### [Work required]
Omit all pictures, then repeat the listing exactly.

### [Data block]

========

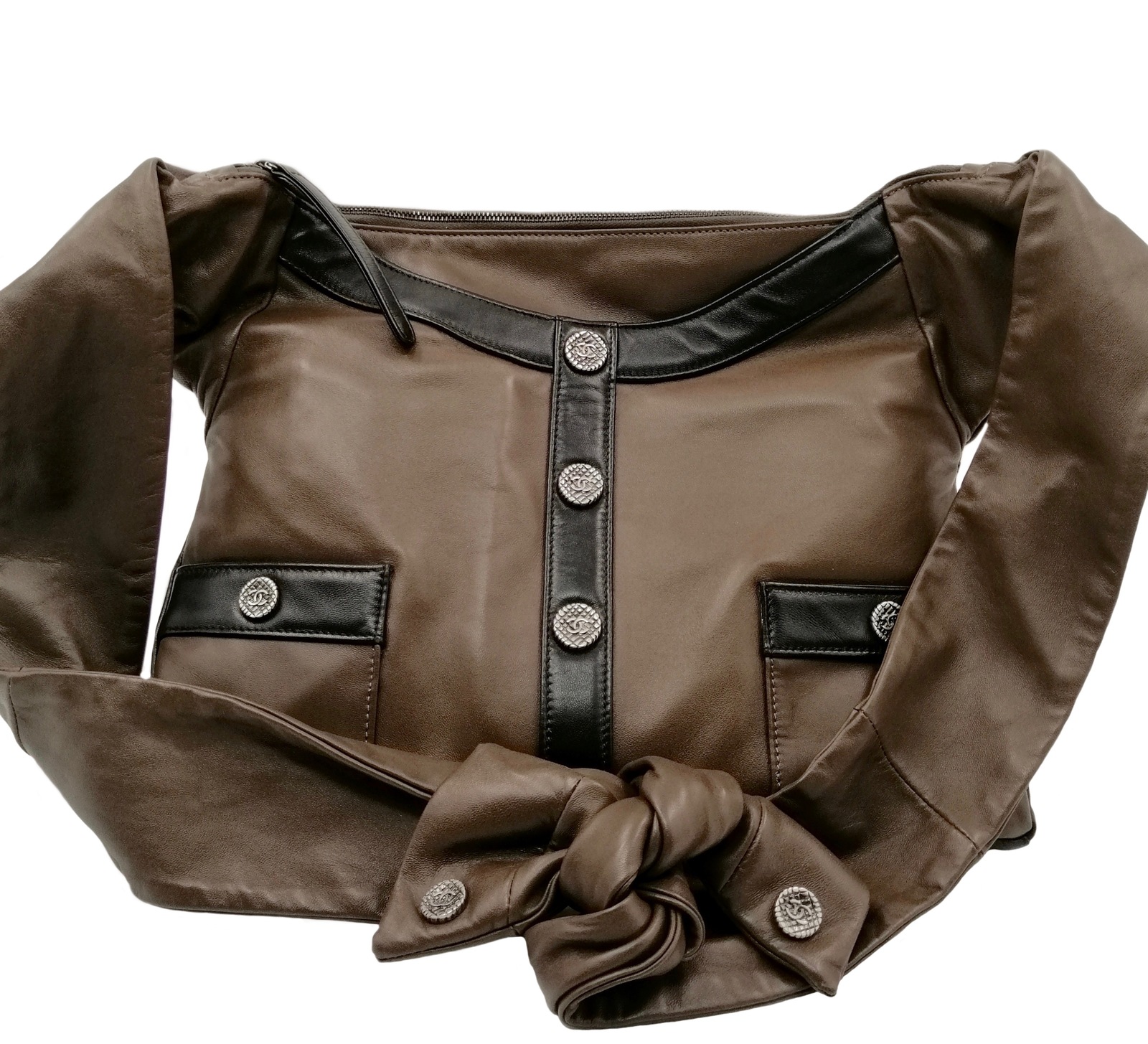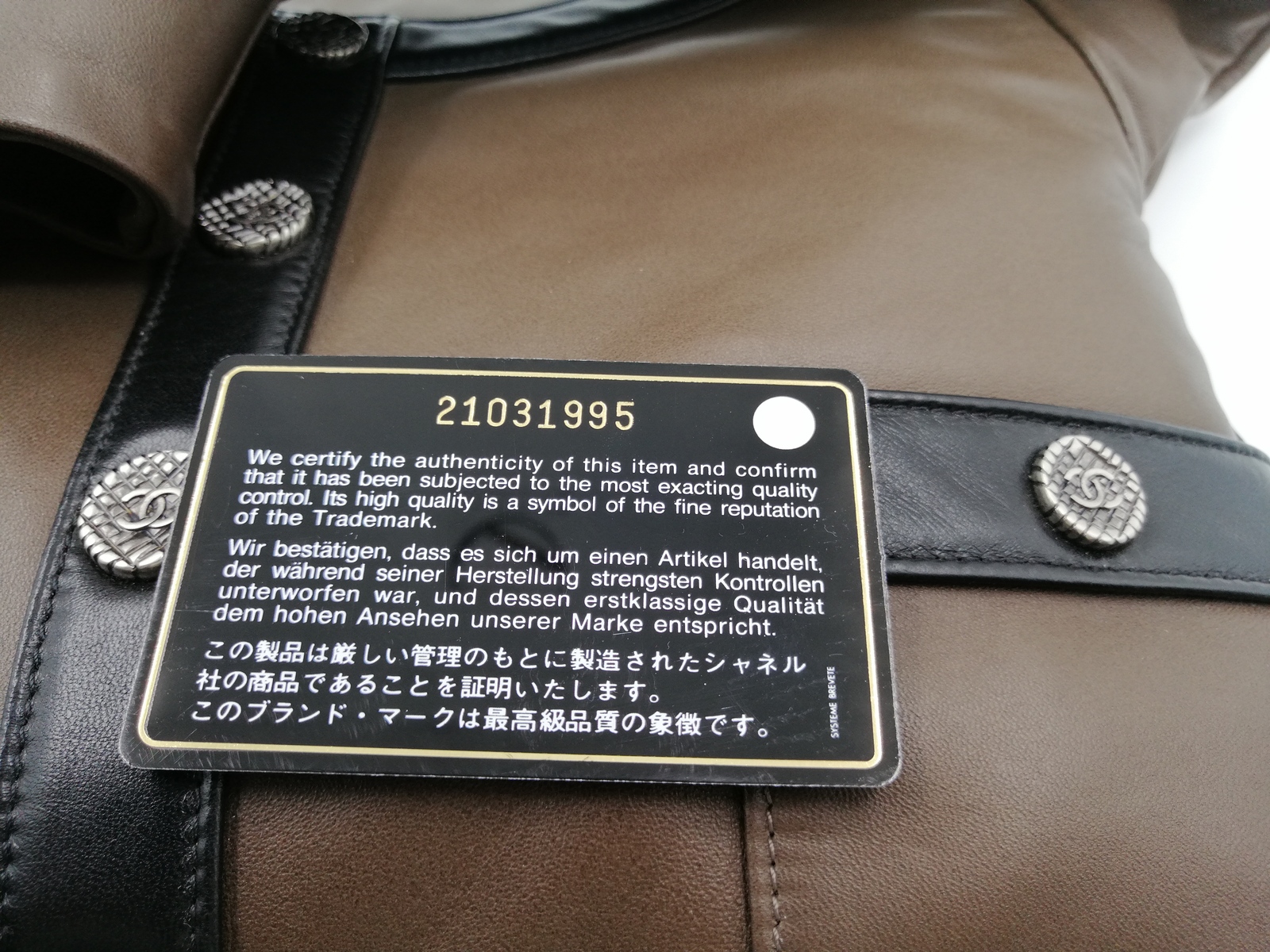 CHANEL Girl Bag pm (petit model). 2015. Pelle di agnello. Cm 34,00 x 26,00 x 5,00. Girl Bag pm (petit model) Chanel vintage, che richiama il caratteristico giacchino Chanel con profili a contrasto. Pelle in agnello color tortora, passamanerie nere, bottoni argentati, chiusura a zip. Codice: 21031995 con card inclusa. Etichetta interna Chanel/ Made in France. Collezione Spring 2015. Condizioni eccellenti pari a nuovo.
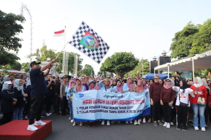Teraspojok.com, JAKARTA — Peringatan Hari Buruh Internasional di Kabupaten Jombang dilakukan Pemerintah Kabupaten (Pemkab) Jombang bersama kalangan pekerja. Dinas Tenaga Kerja Jombang mengadakan rangkaian kegiatan peringatan dengan Fun Walk yang diikuti 4000 pekerja, Rabu (1/5/2024).
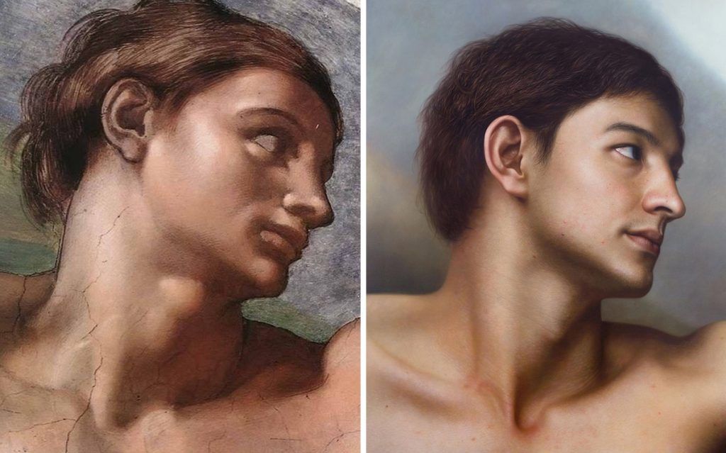 L’artiste Joongwon Jeong ajoute une touche hyperréaliste à des œuvres d’art emblématiques et à des personnages célèbres du passé. Il a apporté une nouvelle vie, par exemple, au dieu de Michel-Ange et à Adam, apparue sur la célèbre fresque de la chapelle Sixtine en Italie à Rome. Les deux sujets, réinventés par le savoir-faire magistral de Jeong en matière de peinture, semblent être des photographies. Ils présentent de fines rides et taches solaires sur la peau et des cheveux dans lesquels vous pourriez faire passer vos doigts.

========

### [Task solution]
 CHANEL Girl Bag pm (petit model). 2015. Pelle di agnello. Cm 34,00 x 26,00 x 5,00. Girl Bag pm (petit model) Chanel vintage, che richiama il caratteristico giacchino Chanel con profili a contrasto. Pelle in agnello color tortora, passamanerie nere, bottoni argentati, chiusura a zip. Codice: 21031995 con card inclusa. Etichetta interna Chanel/ Made in France. Collezione Spring 2015. Condizioni eccellenti pari a nuovo.
Teraspojok.com, JAKARTA — Peringatan Hari Buruh Internasional di Kabupaten Jombang dilakukan Pemerintah Kabupaten (Pemkab) Jombang bersama kalangan pekerja. Dinas Tenaga Kerja Jombang mengadakan rangkaian kegiatan peringatan dengan Fun Walk yang diikuti 4000 pekerja, Rabu (1/5/2024).
 L’artiste Joongwon Jeong ajoute une touche hyperréaliste à des œuvres d’art emblématiques et à des personnages célèbres du passé. Il a apporté une nouvelle vie, par exemple, au dieu de Michel-Ange et à Adam, apparue sur la célèbre fresque de la chapelle Sixtine en Italie à Rome. Les deux sujets, réinventés par le savoir-faire magistral de Jeong en matière de peinture, semblent être des photographies. Ils présentent de fines rides et taches solaires sur la peau et des cheveux dans lesquels vous pourriez faire passer vos doigts.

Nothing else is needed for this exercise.